[[ Given information, beginning ]]

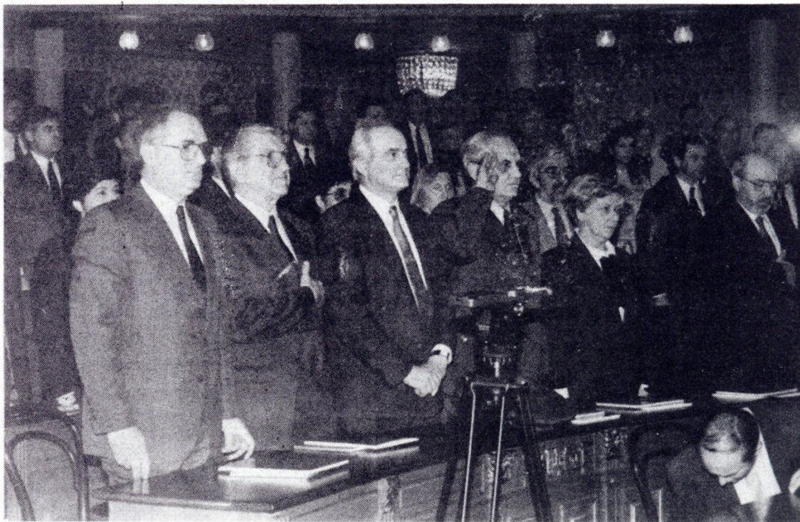
U prisutnosti visokih gradskih i republičkih uzvanika obilježena je 70-ta obljetnica Čistoće Zagreb

U svojem djelovanju koristi brojne interventne ekipe, moderne strojeve za pranje i čišćenje ulica, a u idućem razdoblju, naravno, ovisno o sredstvima – jer svima su nam znani teški
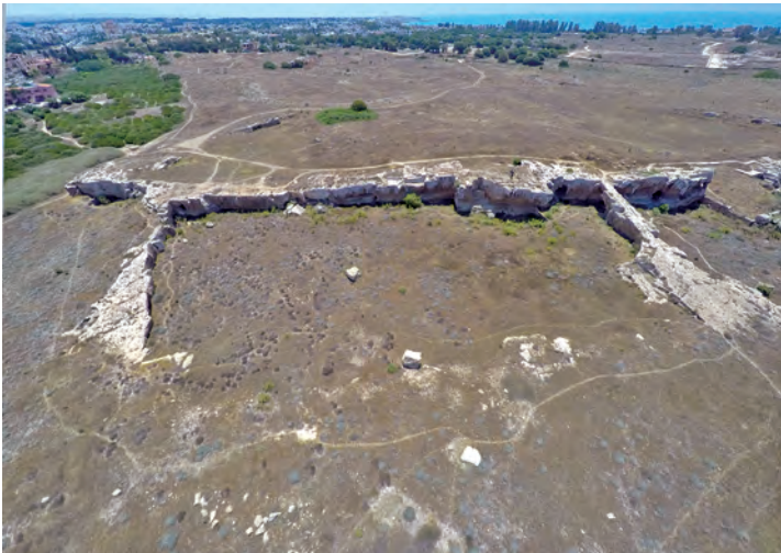
Figure 2. La rampe Nord et le pont rupestre. Vue vers l'est.

n'est identifiable à Paphos, mais ces comparaisons permettent d'affirmer que des bateaux de dimensions similaires auraient pu y tenir, arrimés le long du fossé, au pied du rempart. De même, les dimensions des passages, celui le plus au nord à l'ouest du fossé, ainsi que celui sous le pont rupestre, respectivement de 7,60 et 6 m, s'avèrent compatibles avec le passage de bateaux importants : ainsi, au Pirée, l'entraxe des néôria de Zéa est de 6,50 m, et celle des néôria de Mounichie de 6,25 m 18 . Ces dimensions sont compatibles également
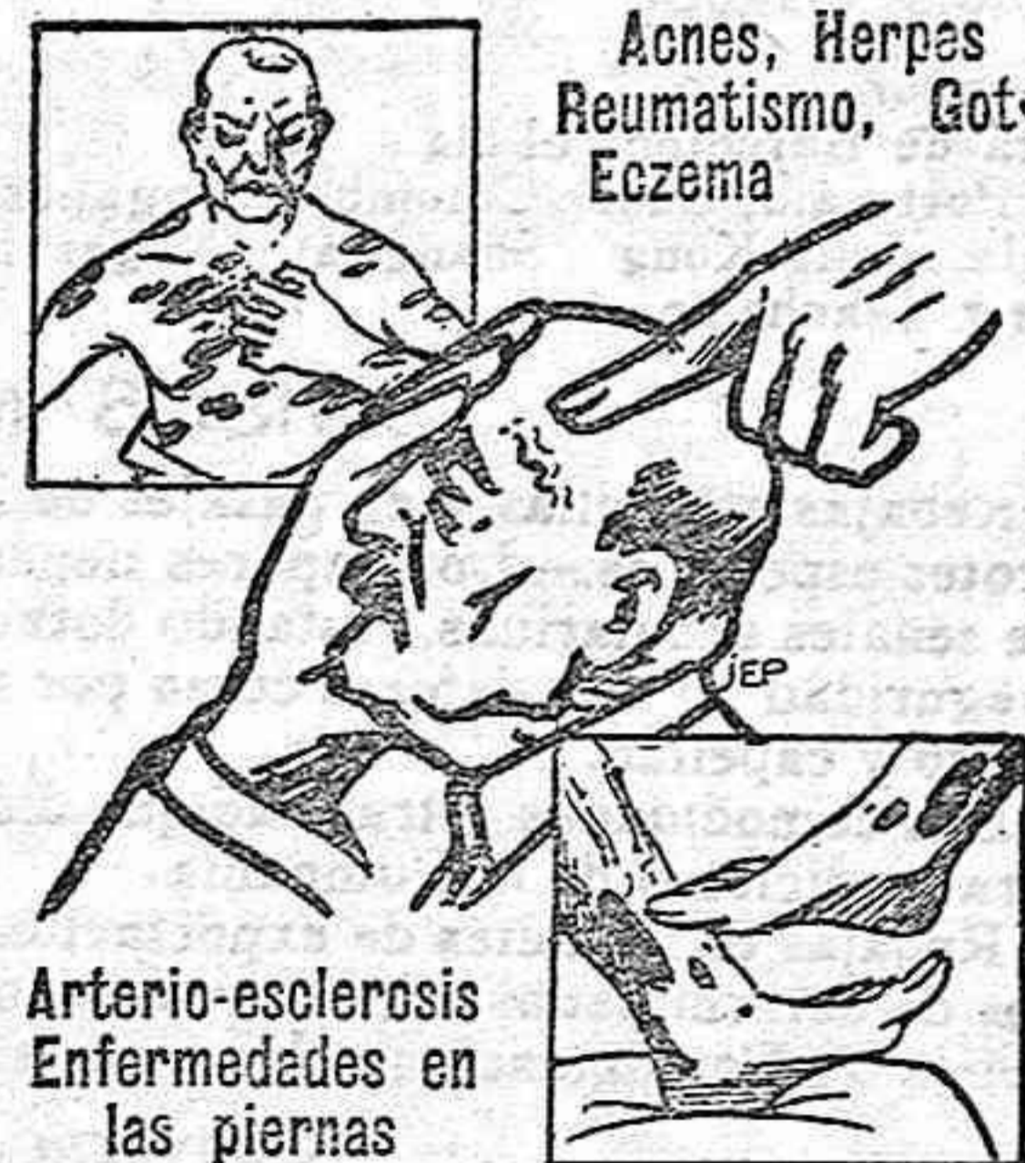
Acnes, Herpes, Reumatismo, Gots, Eczema
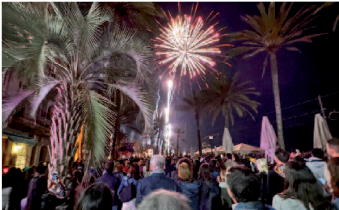
Vista dels focs artificials del 10 de maig de l'any passat des de la rambla.
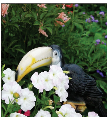
Кеша главный охранник сада
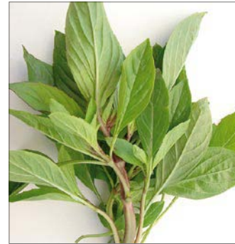
THAI BASILIKUM (SÜSS) BASILIC THAI (DOUX)
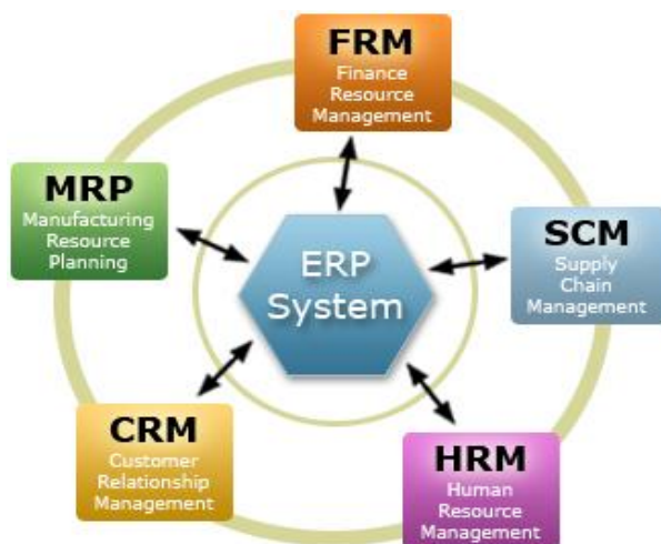
Slika 1-1: ERP sistem

organizaciji u povezane poslovne procese jedinstvenog informacionog sistema. Na taj način ERP obezbjeđuje kontrolu i korištenje svih raspoloživih resursa u organizaciji i zadovoljenje potreba svih korisnika informacionog sistema. ERP sistem posjeduje veoma složenu strukturu, koju čine brojni moduli. Odabirom modula koje žele koristiti, organizacije opredjeljuju nivo složenosti primjenjenog softverskog rješenja. Modularnost ERP sistema se razlikuje od modularnosti tradicionalnih softverskih rješenja. Kod tradicionalnih rješenja, moduli su dijelovi strukture funkcionalnih podsistema i ujedno segmenti pojedinih poslovnih funkcija. Moduli ERP sistema su dijelovi jedinstvenog sistema kao integralne cjeline i u većini slučajeva ih je teško jednoznačno pridružiti određenoj poslovnoj funkciji. Oni pokrivaju poslovne procese koji su po svojoj karakteru multifunkcionani. 2 Standardni ERP sistemi sastoje se od modula koji predstavljaju standardne procese u preduzeću, kao što su finansijski moduli, moduli vezani za ljudske resurse i logistički moduli.
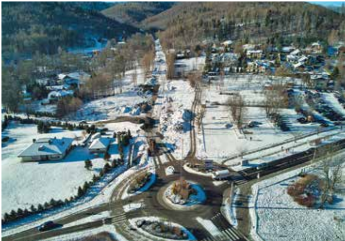
Remont odcinka al. Armii Krajowej

Zima, choć zmienna, pozwoliła kontynuować rozpoczęte wcześniej inwestycje drogowe w Bielsku-Białej. Drogowcy korzystają więc z okazji, działając tam, gdzie to jest możliwe. Największe roboty prowadzone są w rejonie placu Wojska Polskiego, ulicy Łowieckiej i alei Armii Krajowej.
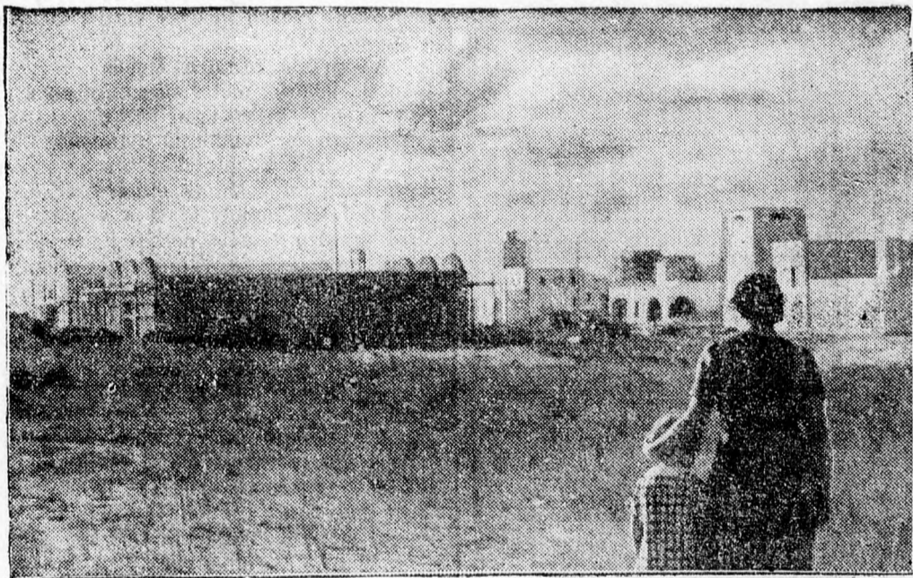
Libiában erőteljesen folyik az olasz telepítés. Ez a kép új telepés házakról készült.

elnöke és Constantin Argetoianu királyi tanácsos a szenátus elnöke is. A minisztertanácson megtárgyalták azokat a törvényjavaslatokat, amelyeket a kormány a törvényhozó testület mai ülésére terjeszt. A képviselőház ülése délután fél 4 órakor, a szenátus ülése pedig 5 órakor kezdődött meg.
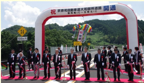
京奈和自動車道大和御所道路 (平成29年8月19日 御所南IC～五條北IC 開通)
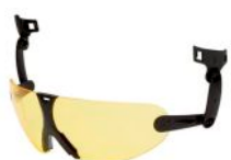
Ambar Ref.: 40140
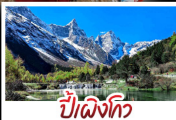
ปี่ผิงโกว
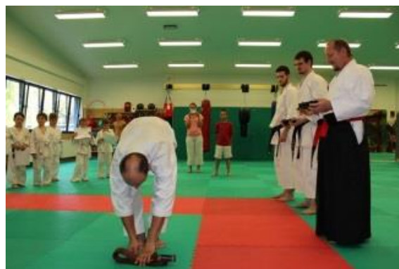
Odložení hnědého pásu
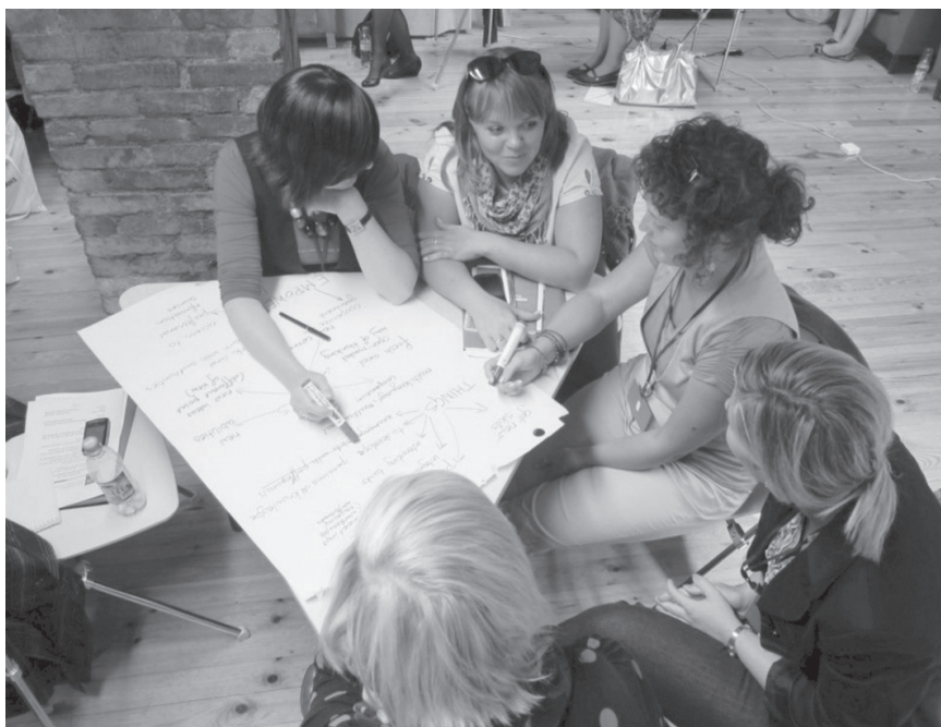
Fot. 1. Uczestnicy Międzynarodowej Akademii Młodych Bibliotekarzy w trakcie warsztatów

kolorystyka i umeblowanie świadczyły o tym, iż każda z tych bibliotek stanowi istotny punkt na mapie swojej miejscowości i pełni funkcję nie tylko skarbnicy wiedzy, ale i miejsca edukacyjno-kulturalnych spotkań całej społeczności lokalnej.
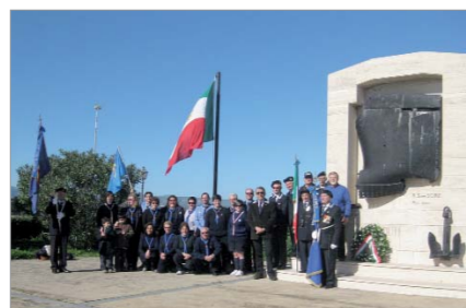
Cerimonia dell'alza Bandiera e deposizione di una corona al monumento ai Caduti del Mare organizzata dal Gruppo "MOVM Ignazio Castrogiovanni", congiuntamente ai Gruppi Scout AGESCI e MASCI
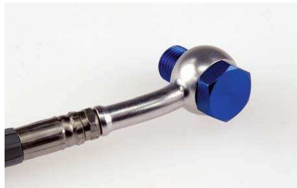
Fitting: silver Banjobolt: blå
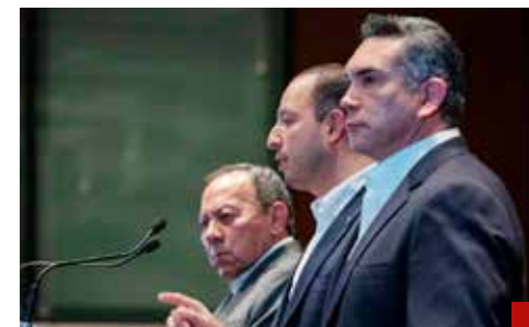
La oposición tendrá que buscar nuevos temas para evidenciar al gobierno federal.
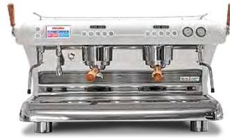
Big Dream Specialty
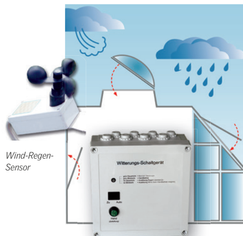
Wind-Regen-Automatik Mehr Sicherheit bei Wind und Regen
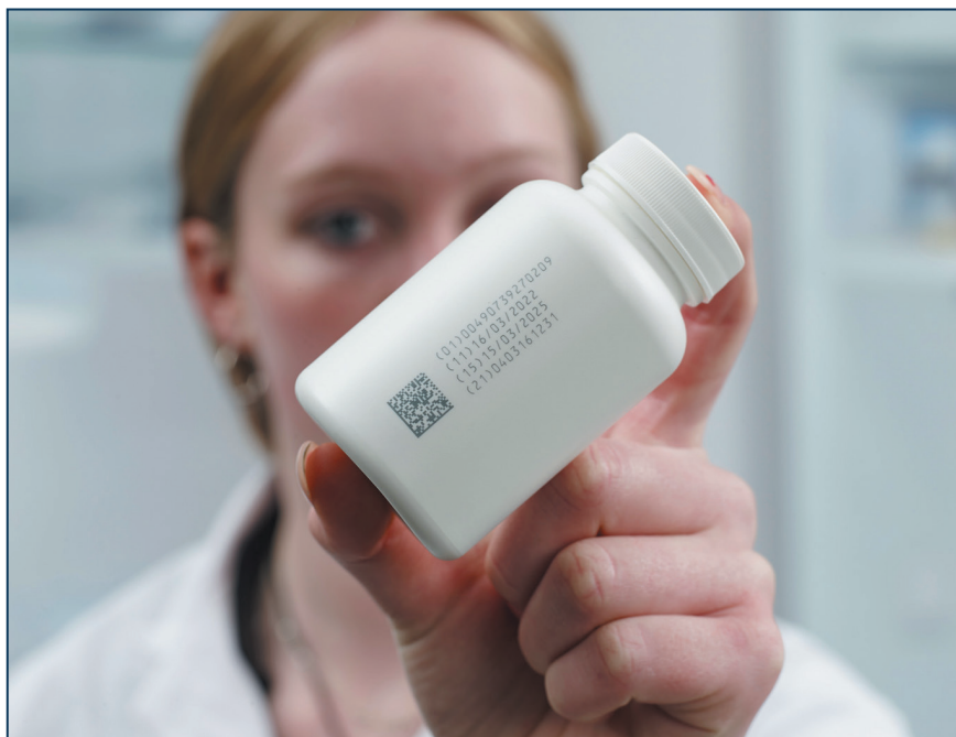
Фото 5. Лазер для УФ-маркування Domino U510 не використовує пігменти/добавки для самоактивації або спеціально підготовлені поля для маркування за рахунок фотохімічної реакції

Наповнення рідких фармацевтичних препаратів вимагає спеціального застосування ноу-хау технологій. Для цього компанія Syntegon розробила Versynta FFP (гнучку платформу для наповнення), модульну машину з індивідуальним налаштуванням, спеціально призначену для асептичного наповнення невеликих партій. Нове рішення для розливу забезпечує продуктивність до 3600 флаконів, шприців або картриджів за 1 год при одночасному 100-відсотковому контролі процесу. Платформа включає кілька блоків для обробки фармацевтичних препаратів, кожен з яких оснащений чотириосовим роботом, що переміщує кон-

[[ Given information, end ]]

### Problem statement
Each line from the one holding "Фото 5. Лазер" down to the end of the records above is to be repeated exactly; no other line belongs in the reply.

### Response
Фото 5. Лазер для УФ-маркування Domino U510 не використовує пігменти/добавки для самоактивації або спеціально підготовлені поля для маркування за рахунок фотохімічної реакції

Наповнення рідких фармацевтичних препаратів вимагає спеціального застосування ноу-хау технологій. Для цього компанія Syntegon розробила Versynta FFP (гнучку платформу для наповнення), модульну машину з індивідуальним налаштуванням, спеціально призначену для асептичного наповнення невеликих партій. Нове рішення для розливу забезпечує продуктивність до 3600 флаконів, шприців або картриджів за 1 год при одночасному 100-відсотковому контролі процесу. Платформа включає кілька блоків для обробки фармацевтичних препаратів, кожен з яких оснащений чотириосовим роботом, що переміщує кон-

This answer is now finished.